**Task prompt**
Reproduce exactly, with no pictures, each line from the opening of the material down through the line containing "Для сравнения: согласно".

**Exercise input**

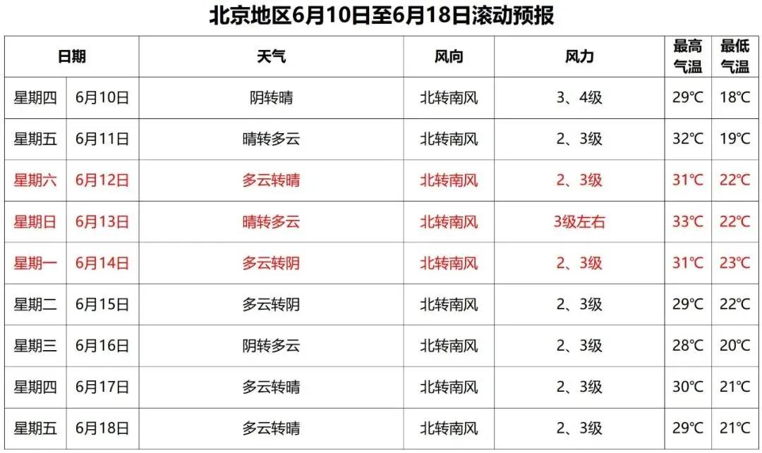 据北京市气象台消息,当前至6月10日8时,预计北京城区及副中心有中到大雨,局地暴雨。降雨时短时雨强较大,并伴有雷电、短时大风,局地可能有小冰雹,请注意防范。北京地区6月10日-18日天气预报。
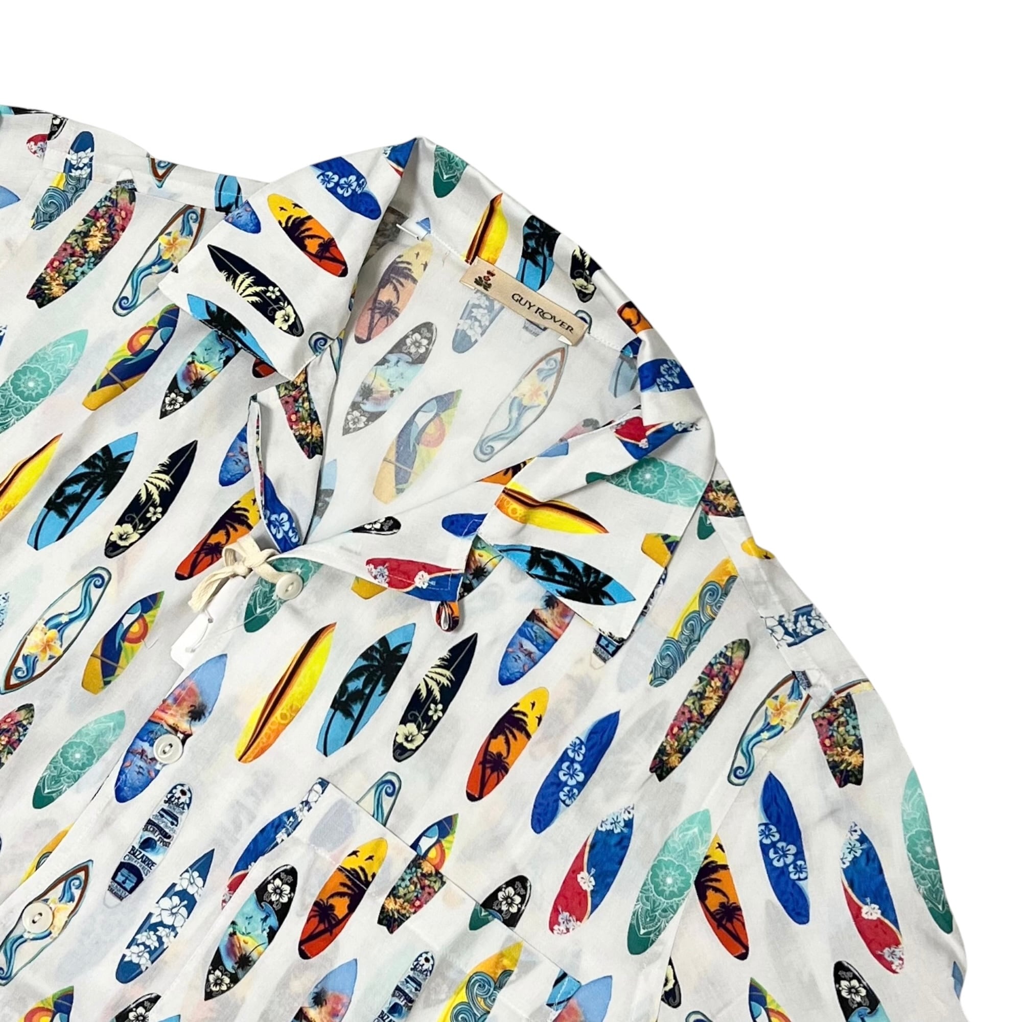 GUYROVER(ギローバー) Surfboard Pattern Viscose Open Collar Shirt(GR352LJ/561292/01)/WHITE
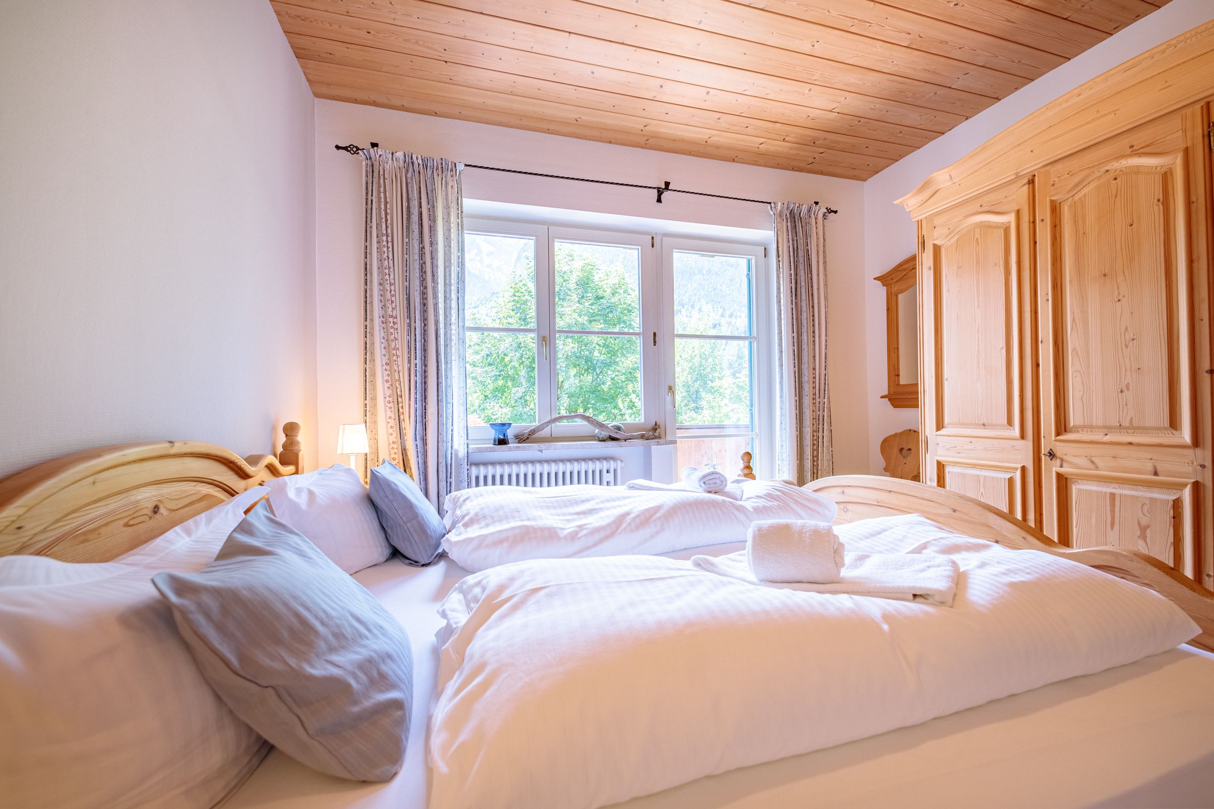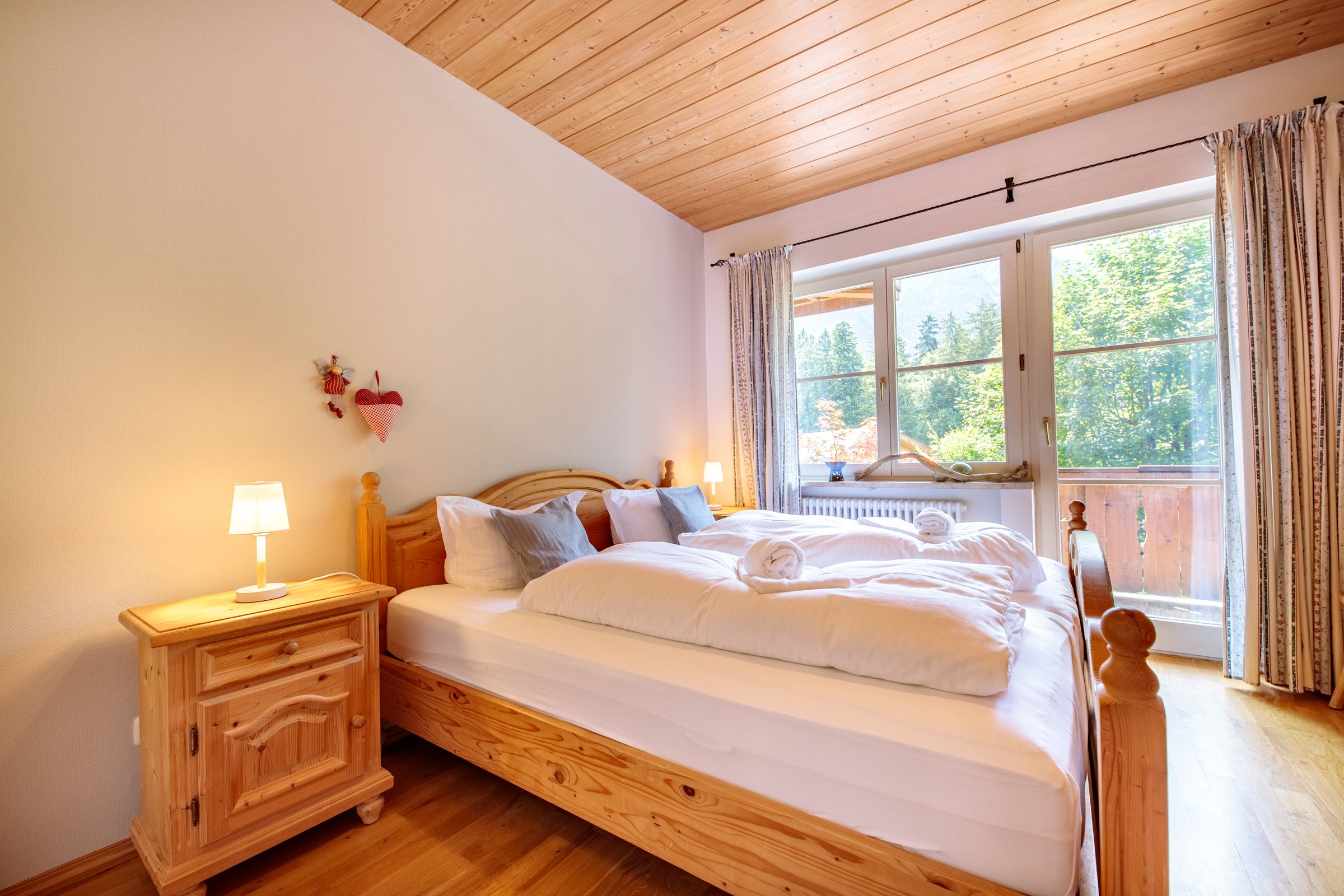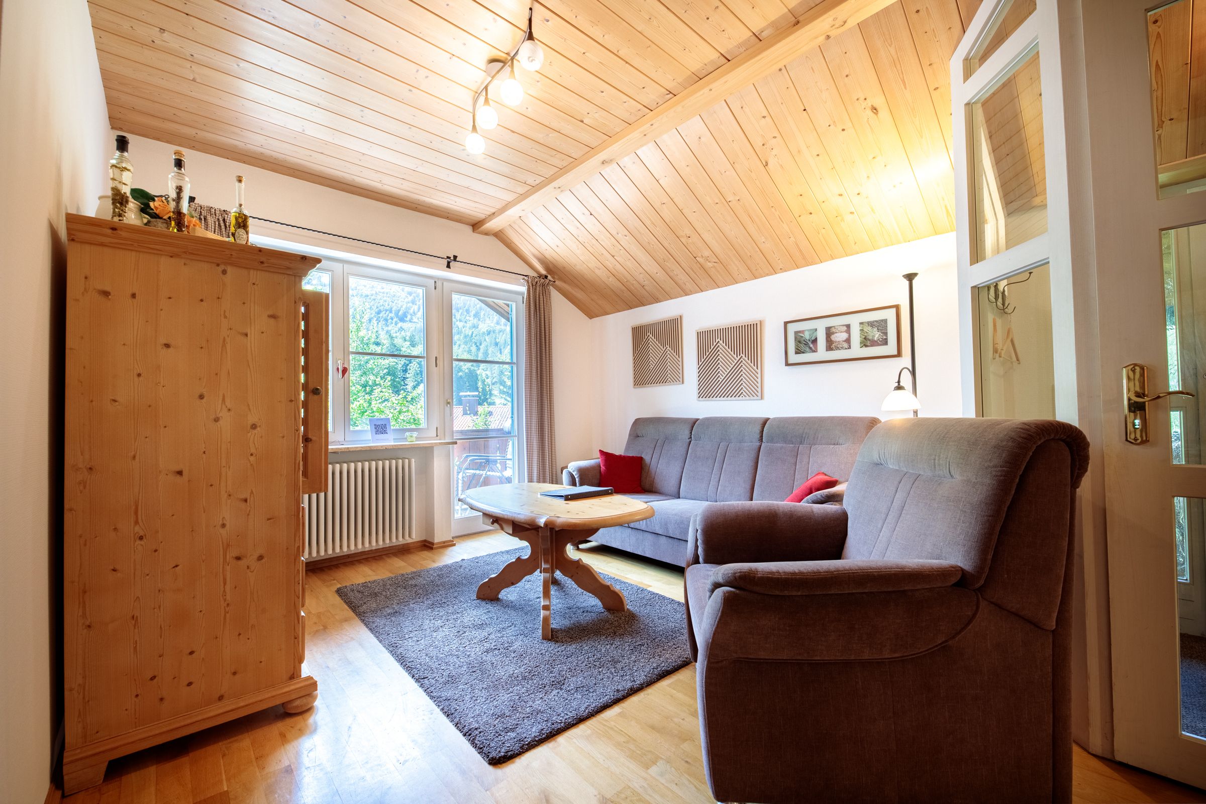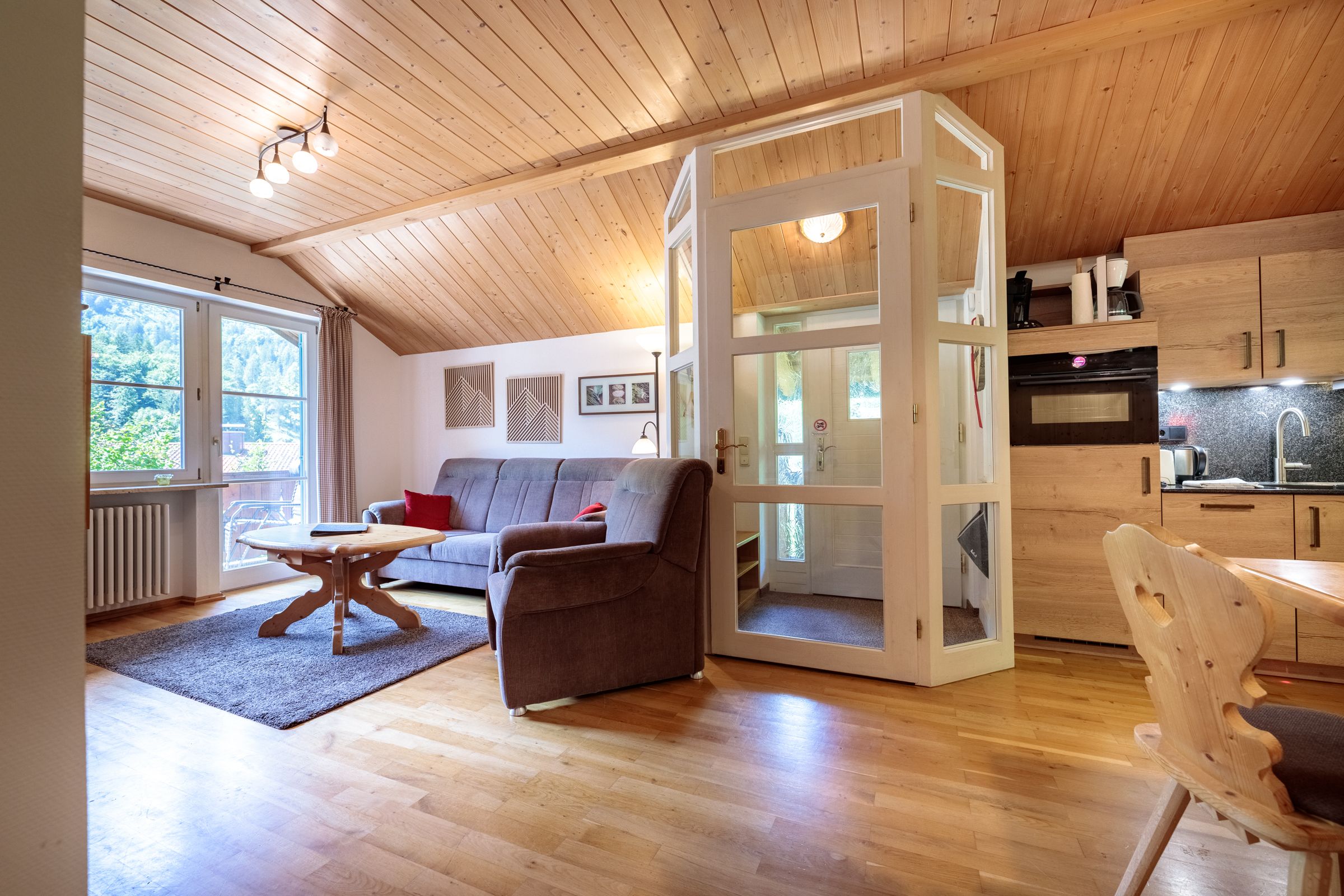 The kitchen is equipped with the necessary appliances, such as a coffee machine, microwave, toaster, dishwasher and electric kettle. The Bavarian wood corner bench looks great. However, there is no oven in the kitchen, but that should not be a problem, because there are many good restaurants in Grainau, which can be reached in a few minutes on foot or by the Eibsee bus.
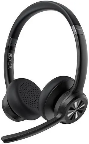 TECKNET Wireless Headset, Bluetooth Headset with Noise Cancelling Microphone - Rechargeable Bluetooth V5.2 Headphones, 50H Playtime & Mic Mute, On Ear Headphones for Trucker/Remote Work/Call Center
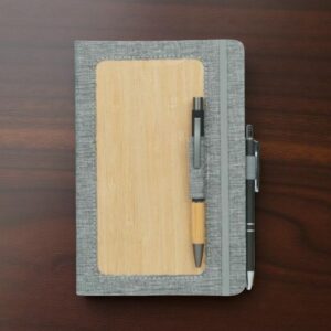 Made with recycled RPET PU and bamboo, this premium notebook offers 192 writing sheets and dual pen slots — perfect for eco-conscious professionals.
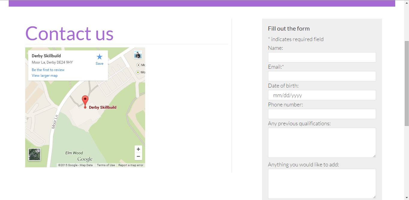 <iframe src="https://www.google.com/maps/embed?pb=!1m14!1m8!1m3!1d1203.5916684263602!2d-1.460736!3d52.891122!3m2!1i1024!2i768!4f13.1!3m3!1m2!1s0x48798c70cf2a2d8f%3A0x193e5babe5839de!2sDerby+Skillbuild!5e0!3m2!1sen!2suk!4v1426363000948" width="400" height="400" frameborder="0" style="border:0"></iframe>
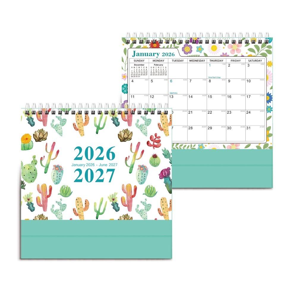 Маленький настольный планер на 2026 год Январь 2026-июнь 2027 Ежемесячный календарь-сетка Креативный настольный календарь Cactus
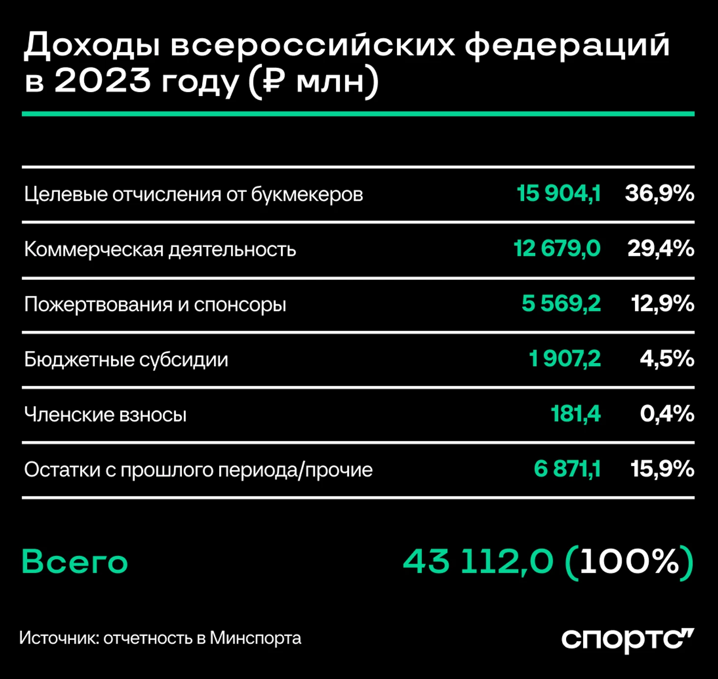Для сравнения: согласно той же отчетности, в 2023 году федерации получили всего ₽1,9 млрд в форме бюджетных субсидий через Минспорта.
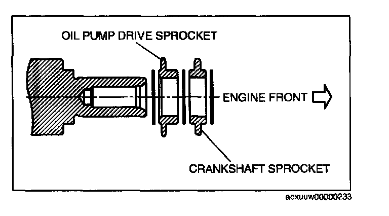 1. The oil pump drive sprocket has the assembly direction as shown in the figure.
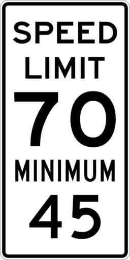 | Keywords: Speed Limit 70 Minimum 45 sign.svg 600 mm by 1200 mm 24 in by 48 in Combined Speed Limit sign made to the specifications of the http //mutcd fhwa dot gov/SHSm/regulatory pdf 2004 edition of Standard Highway Signs sign R2-4a Uses the http //www triskele com/fonts/index html Roadgeek 2005 fonts United States law does not permit the copyrighting of typeface designs and the fonts are meant to be copies of a U S Government-produced work anyway The outside border has a width of 1 1 mm and a color of black so it shows up; in reality signs have no outside border own Ltljltlj User Ltljltlj/Template minimum R2-4 - Minimum Speed 7045 45 number 70 number |
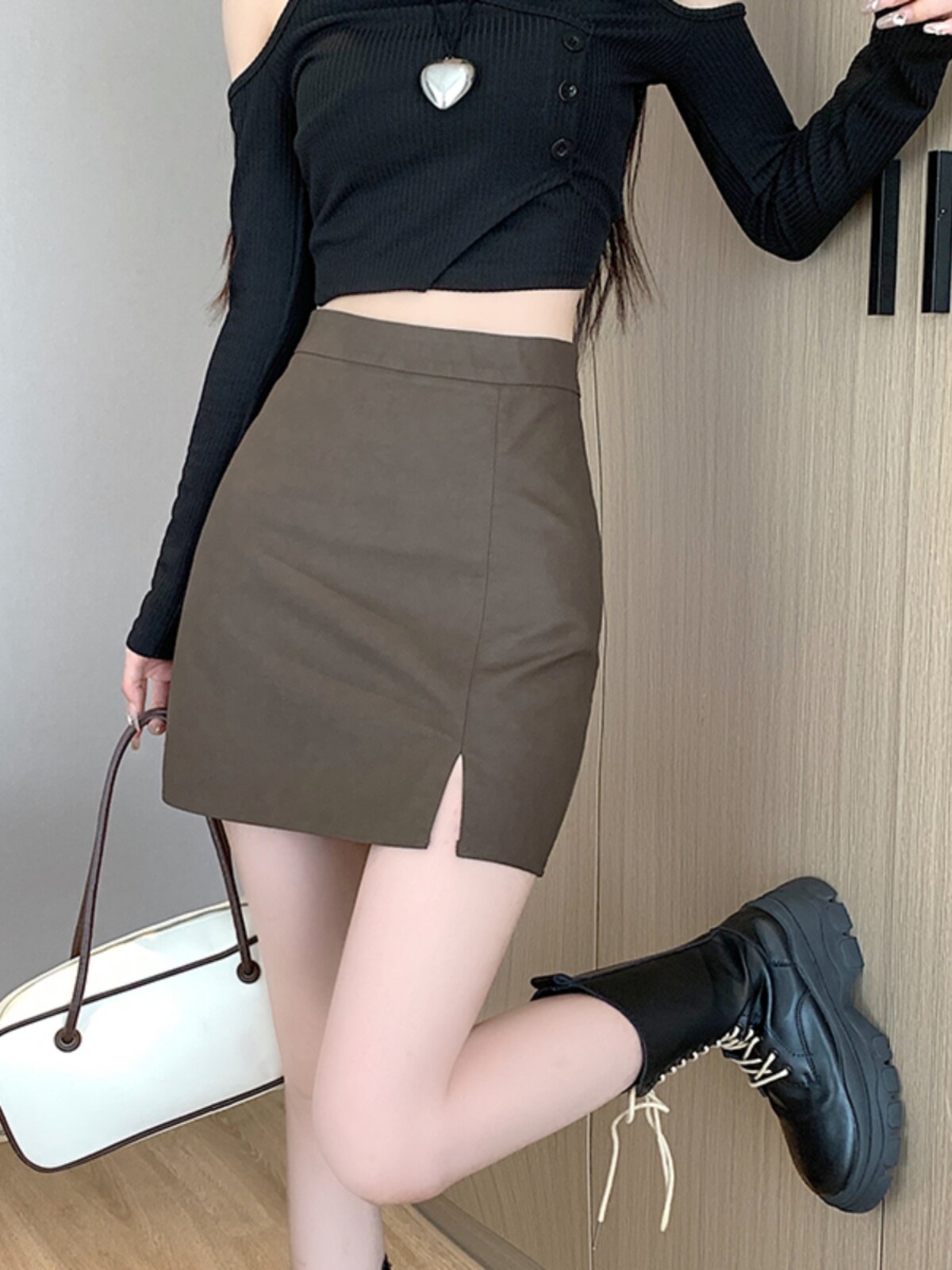 Матовая полиуретановая приталенная юбка, мини-юбка, высокая талия, с акцентом на бедрах, подходит для подростков, А-силуэт
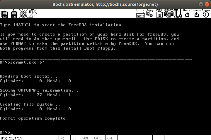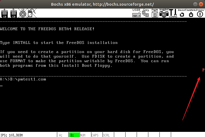 5、启动 Bochs,待 FreeDos 启动完毕后格式化 B: 盘,如下图所示

**Answer area**
 据北京市气象台消息,当前至6月10日8时,预计北京城区及副中心有中到大雨,局地暴雨。降雨时短时雨强较大,并伴有雷电、短时大风,局地可能有小冰雹,请注意防范。北京地区6月10日-18日天气预报。
 GUYROVER(ギローバー) Surfboard Pattern Viscose Open Collar Shirt(GR352LJ/561292/01)/WHITE
 The kitchen is equipped with the necessary appliances, such as a coffee machine, microwave, toaster, dishwasher and electric kettle. The Bavarian wood corner bench looks great. However, there is no oven in the kitchen, but that should not be a problem, because there are many good restaurants in Grainau, which can be reached in a few minutes on foot or by the Eibsee bus.
 TECKNET Wireless Headset, Bluetooth Headset with Noise Cancelling Microphone - Rechargeable Bluetooth V5.2 Headphones, 50H Playtime & Mic Mute, On Ear Headphones for Trucker/Remote Work/Call Center
 Made with recycled RPET PU and bamboo, this premium notebook offers 192 writing sheets and dual pen slots — perfect for eco-conscious professionals.
 <iframe src="https://www.google.com/maps/embed?pb=!1m14!1m8!1m3!1d1203.5916684263602!2d-1.460736!3d52.891122!3m2!1i1024!2i768!4f13.1!3m3!1m2!1s0x48798c70cf2a2d8f%3A0x193e5babe5839de!2sDerby+Skillbuild!5e0!3m2!1sen!2suk!4v1426363000948" width="400" height="400" frameborder="0" style="border:0"></iframe>
 Маленький настольный планер на 2026 год Январь 2026-июнь 2027 Ежемесячный календарь-сетка Креативный настольный календарь Cactus
Для сравнения: согласно той же отчетности, в 2023 году федерации получили всего ₽1,9 млрд в форме бюджетных субсидий через Минспорта.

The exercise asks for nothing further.